Дом большой, он служит мне и офисом и мастерской. Кроме того, моя жена, когда она у меня есть, тоже должна иметь достаточно места в другом крыле, чтобы быть вдали от моей работы, расположенные там помещения обслуживаются другим штатом прислуги.
— Ну, из пятидесяти семи роботов, я думаю, вы можете выделить этих двух. В таком случае я чувствую себя менее виноватым, что вы послали Дэниела и Жискара за мной на Землю.
— Уверяю вас, это не был случайный выбор, мистер Бейли. Жискар — мой мажордом и моя правая рука. Он был со мной с тех пор, как я стал взрослым.
— Однако вы послали его за мной. Я польщен.
— Это мера вашей значимости, мистер Бейли. Жискар — самый надежный из моих роботов, сильный и крепкий.
Глаза Бейли стрельнули по Дэниелу, и Фастольф добавил:
— Я не включаю в эти расчеты своего друга Дэниела. Он не слуга, а достижение, которым я бесконечно горд. Он первый этого класса. В то время, как доктор Сартон был его дизайнером и моделью, человеком, которого…

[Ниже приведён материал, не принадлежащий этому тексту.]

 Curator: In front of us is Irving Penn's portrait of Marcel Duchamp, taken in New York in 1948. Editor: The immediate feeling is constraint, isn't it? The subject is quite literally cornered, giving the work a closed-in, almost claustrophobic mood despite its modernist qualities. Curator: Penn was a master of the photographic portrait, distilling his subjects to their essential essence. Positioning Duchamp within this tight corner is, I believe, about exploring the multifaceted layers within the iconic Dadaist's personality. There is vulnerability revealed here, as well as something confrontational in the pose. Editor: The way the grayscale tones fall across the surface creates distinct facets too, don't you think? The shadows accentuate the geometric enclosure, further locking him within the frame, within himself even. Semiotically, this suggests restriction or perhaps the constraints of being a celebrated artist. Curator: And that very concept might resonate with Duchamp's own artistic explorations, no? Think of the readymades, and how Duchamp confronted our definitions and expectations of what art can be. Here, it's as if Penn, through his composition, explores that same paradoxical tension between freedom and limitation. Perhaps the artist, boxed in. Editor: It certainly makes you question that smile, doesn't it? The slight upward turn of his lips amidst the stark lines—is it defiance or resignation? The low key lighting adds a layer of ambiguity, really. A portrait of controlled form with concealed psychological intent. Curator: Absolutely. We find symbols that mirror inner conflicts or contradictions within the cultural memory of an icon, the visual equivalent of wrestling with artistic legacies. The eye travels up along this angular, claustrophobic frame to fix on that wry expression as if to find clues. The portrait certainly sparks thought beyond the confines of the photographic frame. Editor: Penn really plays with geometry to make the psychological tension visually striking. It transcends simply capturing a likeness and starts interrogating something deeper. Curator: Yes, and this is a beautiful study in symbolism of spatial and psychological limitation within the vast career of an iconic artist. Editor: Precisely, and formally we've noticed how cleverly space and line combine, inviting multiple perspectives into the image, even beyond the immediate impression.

Он сделал деликатную паузу, но Бейли быстро кивнул и сказал:
— Я понимаю.
Ему не требовалось конца фразы со ссылкой на убийство Сартона на Земле.

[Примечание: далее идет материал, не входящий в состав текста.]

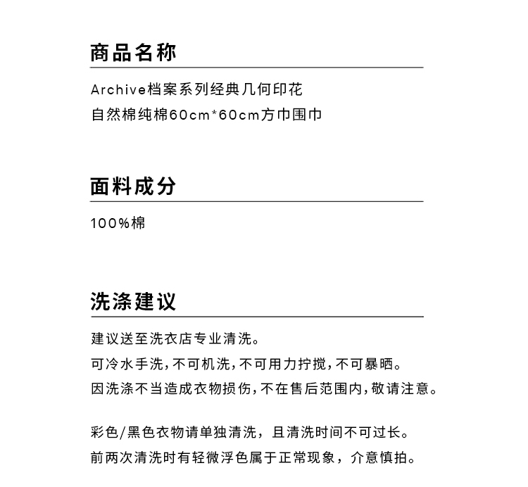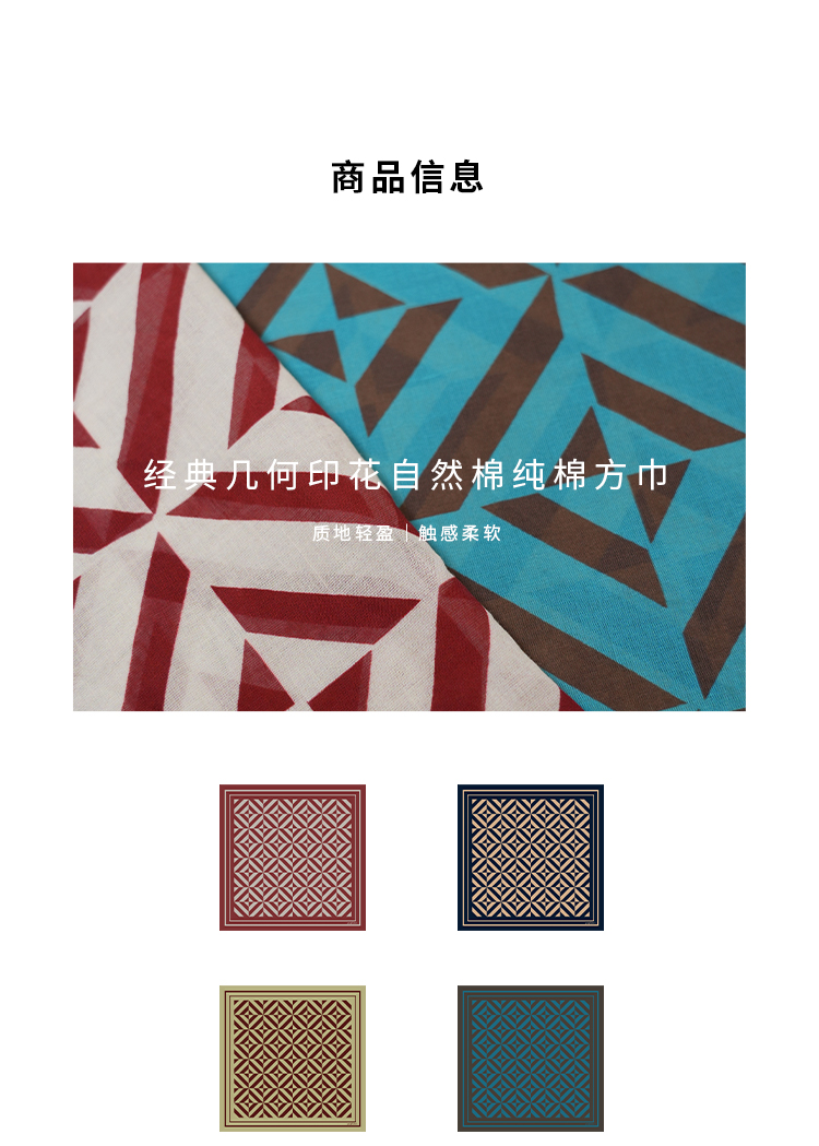HIDEMI Archive档案系列经典几何印花自然棉纯棉60cm*60cm方巾围巾

— В то время, как Сартон следил за тем, чтобы конструкция отвечала всем требованиям современности, — продолжал Фастольф, — я вел теоретические расчеты, чтобы Дэниел получился как человек.
Он улыбнулся Дэниелу, который благодарно поклонился.

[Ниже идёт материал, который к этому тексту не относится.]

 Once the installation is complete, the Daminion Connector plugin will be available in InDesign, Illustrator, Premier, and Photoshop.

— Но был еще и Джандер, — сказал Бейли.
— Да.
Фастольф покачал головой и опустил глаза.
— Я, наверное, должен был оставить его у себя, как Дэниела. Но он был вторым моим человекоподобным роботом, а это уже другое дело. Дэниел мой первенец, так сказать.
— И вы больше не конструируете человекоподобных роботов?
— Нет… Но пошли завтракать. Не думаю, что население Земли привыкло к тому, что я назвал бы натуральной пищей. У нас салат из креветок, хлеб, сыр, если желаете, молоко или любой фруктовый сок. На десерт мороженое.
— Традиционные земные блюда, — сказал Бейли, — которые в своей исконной форме существуют только в древней литературе Земли.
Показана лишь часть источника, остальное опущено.